Allan W. Timms

Sandmeyer reactions. Part 7. An investigation into the reduction steps of Sandmeyer hydroxylation and chlorination reactions

For Sandmeyer hydroxylation and chlorination in aqueous solution, the reduction steps have been investigated by means of correlation analyses of the effects of diazonium ion substitution on the rates of reduction. For simple hydroxylation, a change of behaviour between diazonium ions substituted by electron donor groups and those substituted by electron acceptor groups is interpreted as a change within an inner-sphere process from rate-determining electron transfer to rate-determining association of the reactants. By contrast, for citrate-promoted hydroxylation, a similar change in behaviour may be interpreted as a change between inner- and outer-sphere electron transfers. For chlorination, there is no mechanistic variation within the range of substituents examined but the pattern of behaviour is consistent with an inner-sphere mechanism. The various patterns of behaviour are rationalised in terms of the effects of diazonium ion substitution and catalyst ligation on the reduction potentials and self-exchange rates of the various reacting redox couples. Comparative correlation analyses of reductions and other electrophilic reactions of diazonium ions are used to support the arguments advanced in respect of Sandmeyer reduction steps.

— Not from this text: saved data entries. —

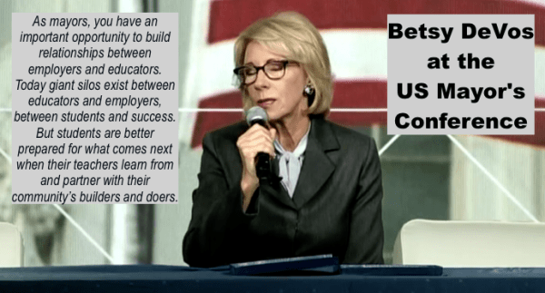 This message is exactly what Betsy DeVos delivered at the 87th annual Mayor’s Conference last week, held in Washington, DC. You can read her speech by going to this link, but what follows are the most relevant quotes related to the theme that DeVos addressed.
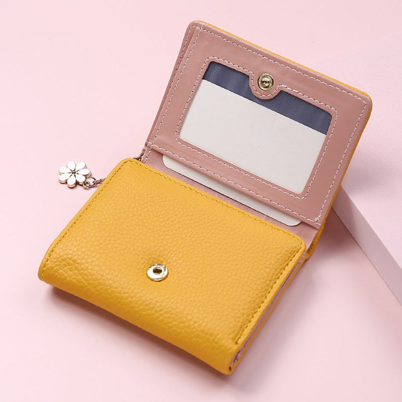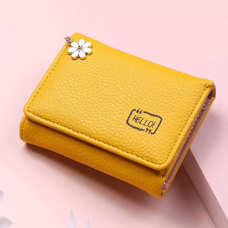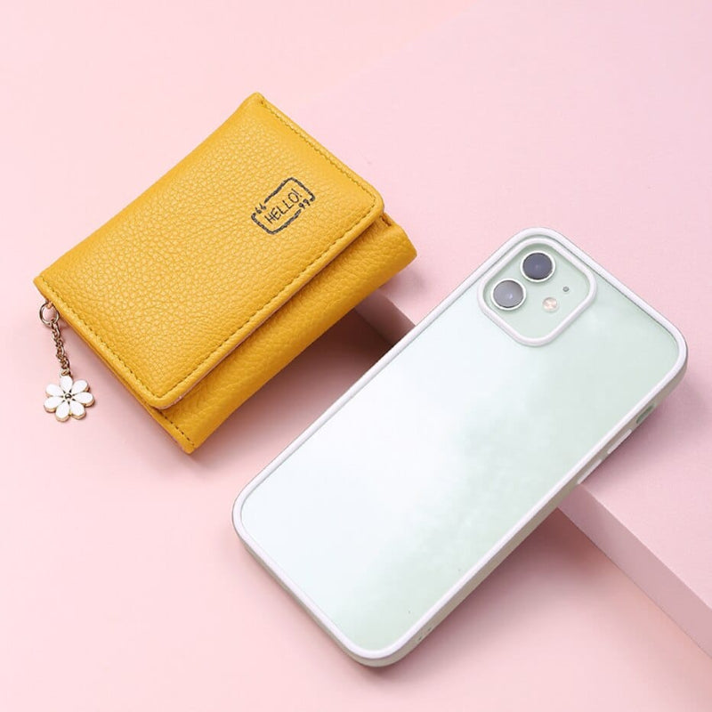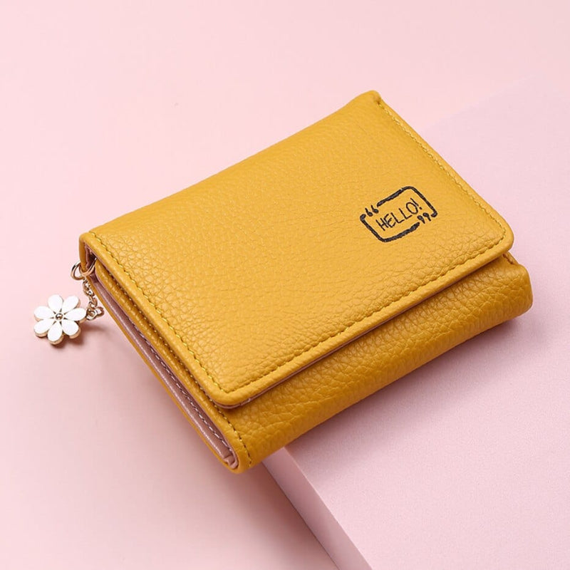 El amarillo brillante de este monedero contrasta con el suave colgante blanco en forma de flor de margarita. Esta cartera muy compacta aportará practicidad con sus múltiples bolsillos interiores y color a tu día con su alegre tono amarillo sol.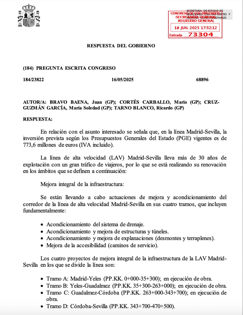 Dos, la "renovación de desvíos, por importe de 26,86 millones. Incluía la sustitución de los desvíos de Adamuz, que se renovaron en mayo/junio de 2025 entrando en servicio el 20 de junio" y, tres, la "implantación del ERTMS por importe de 104,72 millones de euros, actualmente en ejecución, siguiendo en vigor el sistema LZB".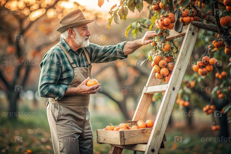 Сельскохозяйственная промышленность. Деревянный ящик с персимом в руках фермера-мужчины. Садовник собирает богатый урожай. Ближе, солнечный свет. Осенний плодовый сбор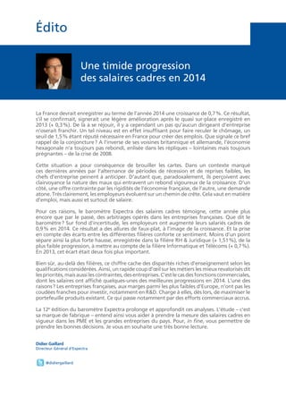 En 2014, la France prévoit une croissance modeste de 0,7 %, insuffisante pour réduire le chômage, tandis que les salaires des cadres augmentent de 0,9 %. Les disparités salariales varient selon les secteurs, avec des augmentations notables dans la comptabilité, le marketing et l'ingénierie, alors que l'informatique et les télécoms stagnent. Le contexte économique demeure prudent, freinant les investissements et intensifiant les efforts commerciaux des entreprises.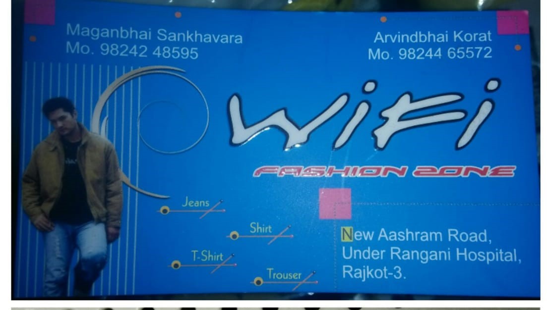 Wifi Fasion Zone Arvind Korat 9824465572 New Ashram Road Rangani hospital rajkot

It is suggested that the CuI reductants react via a nucleophilic bridging ligand at the diazonium Nβ to give transient Z-adducts which are the precursor complexes and that activation for electron transfer involves rotation about the N–N bond.

Sandmeyer reactions. Part 6. A mechanistic investigation into the reduction and ligand transfer steps of Sandmeyer cyanation

For Sandmeyer cyanation at 298 K in 50% v/v aqueous acetonitrile buffered at pH 8, absolute rate constants have been obtained for the reduction of 4-methoxybenzenediazonium tetrafluoroborate by the cyanocuprate(I) anions CuI(CN)43−, CuI(NCMe)(CN)32− and CuI(NCMe)2(CN)2− as (0.50 ± 0.05), (0.12 ± 0.03) and 0.0 dm3 mol−1 s−1, respectively. The relative reactivity of the two reactive cyanocuprates reflects the estimated difference in their standard reduction potentials. Ligand transfer to the aryl radical from the cyanocuprate(II) anions produced in the reaction occurs within the solvent cage. By use of radical clocks, first order rate constants of the order of 1 × 108 s−1 for ligand transfer between the caged reactants can be evaluated although the transfer rate may vary from one aryl radical to another. No difference was discerned in ligand transferring reactivity between the two cyanocuprate(II) complexes involved.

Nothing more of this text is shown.